• Chapitre 58

    C’était à cette époque que son père avait minutieusement effacé de son esprit tout ce qu’elle avait enregistré ce jour-là sans vraiment comprendre ce qu’elle avait appris dans toute l’innocence de ses deux ans. Tout ce qu’il avait gommé remontait à présent à la surface en même temps qu’une foule de souvenirs plus récents tout aussi destructeurs.

    Cet homme qui la toisait, c’était bien « oncle » Solomon, comme le lui avait alors dit son père. Elle se rappelait également la dernière fois qu’elle l’avait vu. C’était la veille de la mort de Patrick Defrance. Elle arrivait à l’hôpital de Villejuif et pénétrait dans le service oncologique pour sa visite hebdomadaire. Elle était à quelques pas de sa chambre quand elle vit un homme en sortir l’air furieux.
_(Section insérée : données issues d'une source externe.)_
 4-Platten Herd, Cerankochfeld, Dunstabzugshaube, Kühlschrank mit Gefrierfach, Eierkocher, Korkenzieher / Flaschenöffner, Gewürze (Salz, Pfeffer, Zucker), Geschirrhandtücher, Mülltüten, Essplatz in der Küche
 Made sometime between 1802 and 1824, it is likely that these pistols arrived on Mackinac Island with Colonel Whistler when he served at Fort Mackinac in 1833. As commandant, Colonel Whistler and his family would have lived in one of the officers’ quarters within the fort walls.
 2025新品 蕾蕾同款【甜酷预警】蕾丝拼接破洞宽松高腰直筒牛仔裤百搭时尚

    Le sosie de son père !

    Instinctivement, elle fit volte-face, saisie d’une incompréhensible frayeur à sa vue. Elle ne voulait pas qu’il l’aperçoive. Elle se cacha dans le renfoncement d’une porte afin de l’observer. Sa démarche saccadée, ses poings serrés et le rictus qui déformait son beau visage, témoignaient de la rage qui l’habitait.
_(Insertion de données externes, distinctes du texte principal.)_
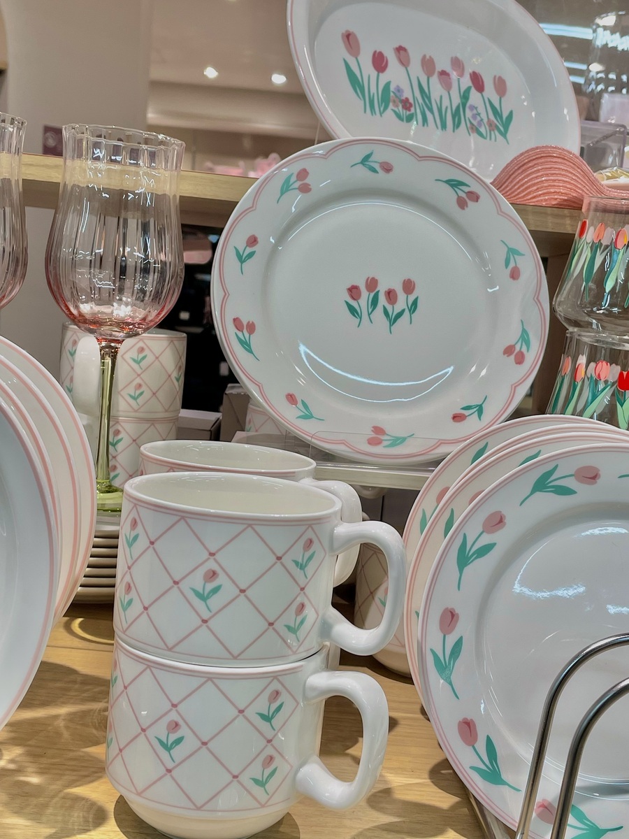 食卓を華やかに彩るアイテムが勢揃い!🌸 おしゃれなデザインのプレート、マグカップ、そして可愛らしい装飾が施されたガラスアイテムが魅力的です✨ 特別な日も日常も、テーブルコーディネートが楽しくなること間違いなし!🎀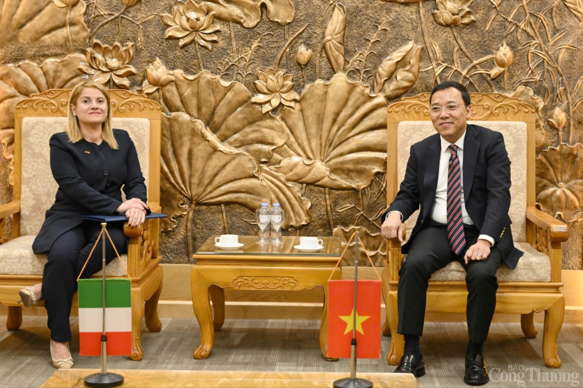 | Thứ trưởng Bộ Công Thương Nguyễn Hoàng Long và Thứ trưởng Bộ Ngoại giao và Hợp tác quốc tế Italia Maria Tripodi |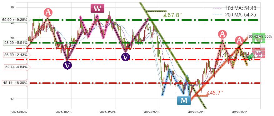 ♘ 阻力价格位58.29,可信任强度82.99%,距离最后交易2022-08-12形成的收盘价格55.25相差 +5.51%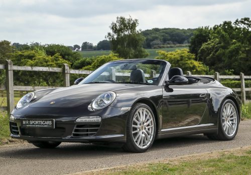 One of the prettiest open top 911s of all time, this is a wide body Triple Black 911 Carrera 4S Cabriolet produced in 2010, it is getting extremely hard to find these iconic sports cars with the right options and provenance. This 911 is a 997.2 series, the last generation of 911 with Hydraulic Steering, classic 993-esque styling, timeless design in Basalt Black Metallic, which has been machine polished and waxed. Black extended leather with contrast silver stitching, Black Electric Folding Hood with Glass Heated Rear Screen, which can be operated remotely with the key before you get in, and even up to 30mph while driving!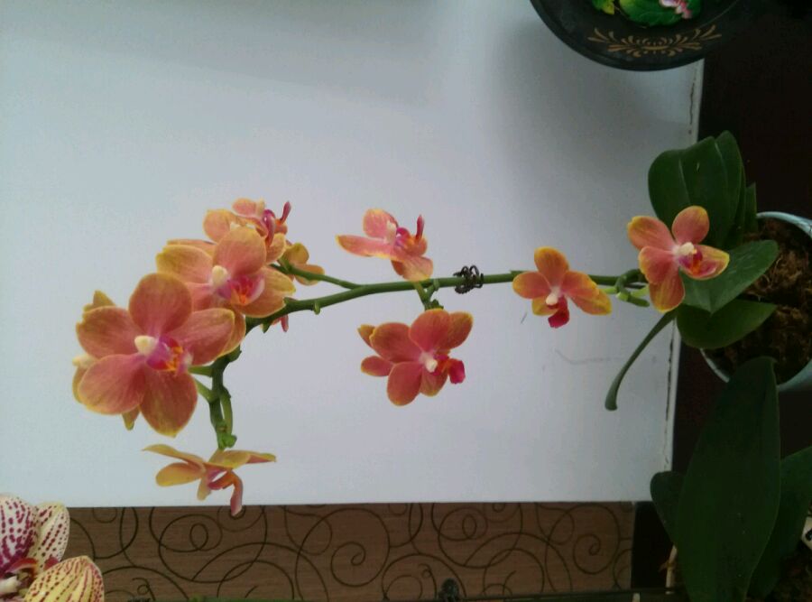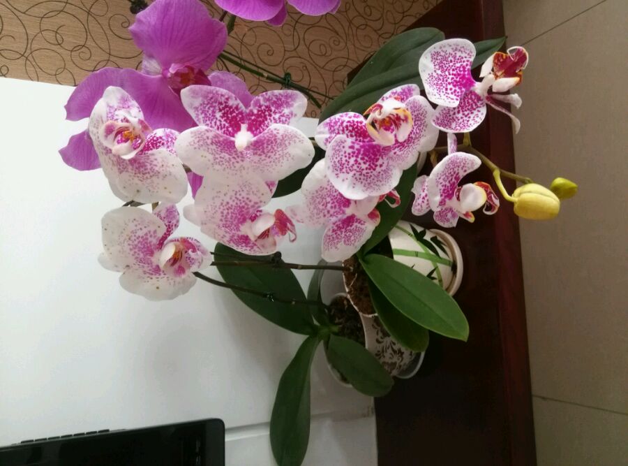 今天逛农贸市场,居然看到一个卖花盆儿的摊位有几棵蝴蝶兰在卖,都是我喜欢的,50元买了三颗, 虽然花儿有的已经蔫了,有一个花箭也折了,但是能清楚的看到花儿,就不用担心不对版了,并且花还能看一段儿时间,觉得很值。

    - Je te hais Patrick ! Je vous maudis tous ! Fulminait-il en s’éloignant rapidement.

    Il était passé devant elle sans la remarquer.

    Elle entra dans la chambre de son père sur la pointe des pieds et l’entendit murmurer comme pour lui-même :

    - Oui frère, un jour quelqu’un te reconnaîtra et saura qui tu es, hélas !

    Elle se rendit compte à son état que son heure était proche. Elle eut le pressentiment qu’il le savait lui aussi et qu’il en était presque soulagé en dépit du fait qu’il allait les laisser seules sa mère et elle. Plus que de son cancer foudroyant, c’était du douloureux secret qui le rongeait depuis des années qu’il se mourait. Qu’il se laissait volontairement mourir en refusant de se laisser soigner par ses semblables.

    Patrick Defrance, enfant adopté à l’âge de trois mois par un couple stérile choisi par son géniteur, était un clone.

    Tous ceux que le monde avait baptisés « mutants », étaient des clones ou des descendants de clones. Solomon Mitchell en était un lui aussi mais imparfait. Il était en outre le seul clone raté encore en vie. Tous ceux sur lesquels le clonage humain à grande échelle n’avait pas donné le résultat parfait escompté par leurs dix géniteurs, avaient été purement et simplement détruits tels des objets défectueux !

    Soumis à l’influence exceptionnellement puissante de l’un d’entre eux, Alexander Zagrozny, quatre hommes et cinq femmes avaient joué aux apprentis sorciers, durant trente six années et dans le plus grand secret, défiant et vainquant les lois de la génétique dont ils bafouèrent impunément l’éthique.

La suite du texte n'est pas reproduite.